To conclude this section, we can highlight (i) that the CRUX problem proposed in Section 2 can be tackled using RL; under different traffic characteristics and RL methods, the target QoS is assured with reduced overprovisioning; (ii) online RL operation leads to traffic loss at the beginning of flow capacity operation; this fact prevents us from using RL until online learning has come up with a robust and reliable model to guarantee autonomous flow operation; and (iii) the comparison of the RL methods shows interesting differences among them. While Q-learning learns fast, it also produces larger overprovisioning. D3QN and TD3 need more time to ensure zero loss and adjust QoS at the benefit of reducing overprovisioning.

5.2. Offline Leaning + Online RL-Based Operation

Let us now focus on evaluating the operational approach detailed in Section 4 (Figure 2b), which consists of three phases. Before emulating flow operation, we generated synthetic data for all the traffic variances following the sinusoidal traffic pattern and used them to pre-train generic models independently for each traffic configuration and RL method. We ran every offline RL training for 14,400 episodes to guarantee QoS assurance with minimum overprovisioning.

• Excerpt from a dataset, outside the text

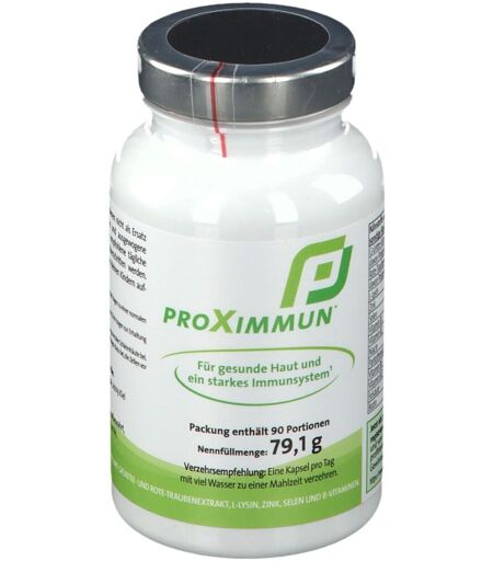 Sollte nicht konsumiert werden, wenn Sie am selben Tag andere Produkte konsumieren, die grünen Tee enthalten. Sollte nicht von schwangeren oder stillenden Frauen und Kindern unter 18 Jahren konsumiert werden.Sollte nicht auf nüchternen Magen konsumiert werdenNahrungsergänzungsmittel sind kein Ersatz für eine ausgewogene und abwechslungsreiche Ernährung und eine gesunde Lebensweise. Nahrungsergänzungsmittel mit Grüntee-Extrakt, Rote-Traubenextrakt, L-Lysin, Zink, Selen und B-VitaminkomplexMit proXimmun™ tragen Sie zu einer normalen Funktion Ihres Immunsystems sowie zur Erhaltung normaler Haut und Schleimhäute bei.proXimmun™ ist eine einzigartige Kombination aus Pflanzenextrakten, Vitaminen und Spurenelementen. Es wurde entwickelt, um mögliche Lücken im Immunsystem zu schließen. Die Vitalstoffe in proXimmun™ sind eine ideale Ergänzung der täglichen Nahrung, um einen erhöhten Bedarf an Mikronährstoffen zu decken.Die Lebensfunktionen des menschlichen Körpers werden durch ein funktionierendes Immunsystem aufrecht erhalten. Nur ein intaktes Immunsystem besteht den ständigen Kampf gegen pathogene Bakterien und Viren.Vorteile von proXimmun™Durch den hohen Anteil an Pflanzenextrakten enthält proXimmun™ viele natürliche Vitamine und Spurenelemente, die sich auf diese Weise durch eine hohe Bioverfügbarkeit auszeichnen. Es ist gezielt angereichert mit den lebenswichtigen Spurenelementen Zink und Selen, die unser Körper nur durch die Nahrung aufnehmen kann. Sämtliche B-Vitamine sind zusätzlich in der empfohlenen Tagesdosis der Deutschen Gesellschaft für Ernährung (DGE) in den Kapseln enthalten. Diese Vitamine stehen auf der Liste der Vitamine, die laut der DGE sinnvoller Weise durch Nahrungsergänzung der täglichen Nahrung hinzugefügt werden sollten. nur 1 Kapsel täglich versorgt den Körper mit allen angegebenen Vitalstoffen. Zutaten:Grüner Tee-Extrakt (50 % Polyphenole), Rote-Traubenextrakt (28 % Polyphenole) (enthält Schwefeldioxid), L-Lysin HCl, Hydroxypropylmethylcellulose (Kapselhülle), Zinkglukonat, Natriumselenit in Calciumcarbonat, Nicotinsäureamid, Calcium-D-pantothenat, Cyanocobalamin auf Mannit, Pyridoxin HCl, Thiamin HCl, Riboflavin, Folsäure, BiotinNährwertepro Tagesportion 1 Kapselpro 100 gEnergie8 kJ/ 1,8 kcal878 kJ/ 209 kcalFett ...

Starting with the analysis of Phase I, Figure 13a shows an illustrative example of the evolution of the capacity during the operation of the threshold-based algorithm (Algorithm 4) for the real traffic pattern and variation 12%. Actual traffic x(t), allocated capacity z(t), and the evolution of the self-tuned k parameter are also shown. Note that k quickly evolves from its initial value (k = 4) to reach a capacity closer to actual traffic. However, as soon as the load exceeds the optimal one l*, k is increased until reaching a stable value (1.47), which happens after 60 minutes of operation. The inset table in Figure 13a details the values of k after one hour of operation for all traffic configurations. It is worth noting that the self-tuned threshold-based algorithm operates with zero traffic loss for all the cases.

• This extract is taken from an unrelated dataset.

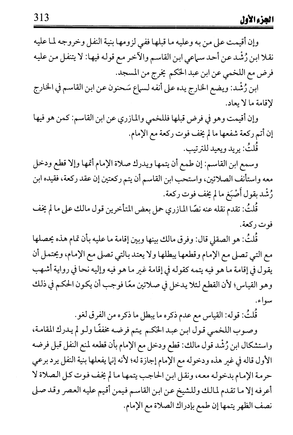 وصوب اللخمي قول ابن عبد الحكم يتم فرضه مخففًا ولو لم يدرك المقامة، واستشكال ابن رُشد قول مالك: قطع ودخل مع الإمام بأن قطعه لمنع النفل قبل فرضه الأول قاله في غير هذه ودخوله مع الإمام إجازة له؛ لأنه إنما يفعلها بنية النفل يرد برعي حرمة الإمام بدخوله معه، ونقل ابن الحاجب يتمها ما لم يخف فوت كل الصلاة لا أعرفه إلا ما تقدم لمالك، وللشيخ عن ابن القاسم فيمن أقيم عليه العصر وقد صلى نصف الظهر يتمها إن طمع بإدراك الصلاة مع الإمام.

Parallel to the threshold-based operation, traffic variance analysis (Algorithm 2) is conducted in order to compute the true variance of the traffic. Figure 13b shows the computed traffic variation as a function of time for all traffic configurations. Round markers highlight when the derivative of traffic variance reached a small eps = 0.01 and labels show the final computed variance value. The low error between computed and true variances is noticeable. Such estimation is achieved within two hours in all the cases.

After two hours of operation, Phase II (Algorithm 5) can start and an RL method with a generic pre-trained model for the true traffic variance is set to operate. The tuning of parameter ρ (∆ρ = 0.1) and the resulting QoS are shown in Figure 14a,b, respectively, for traffic variance equal to 12%. To detect whether the measured QoS is considerably below or above the desired qa value, a significance level cfl = 0.05 was used to be compared against the obtained p-value from the binomial tests. We observe that ρ decreases up to a magnitude that produces QoS below 99%; just after that, ρ increases and remains stable from that point on. As shown in Figure 14a, the time to converge to the best ρ is 3960, 1440, and 3600 min (2.75, 1, and 2.5 days) for Q-learning, D3QN, and TD3, respectively.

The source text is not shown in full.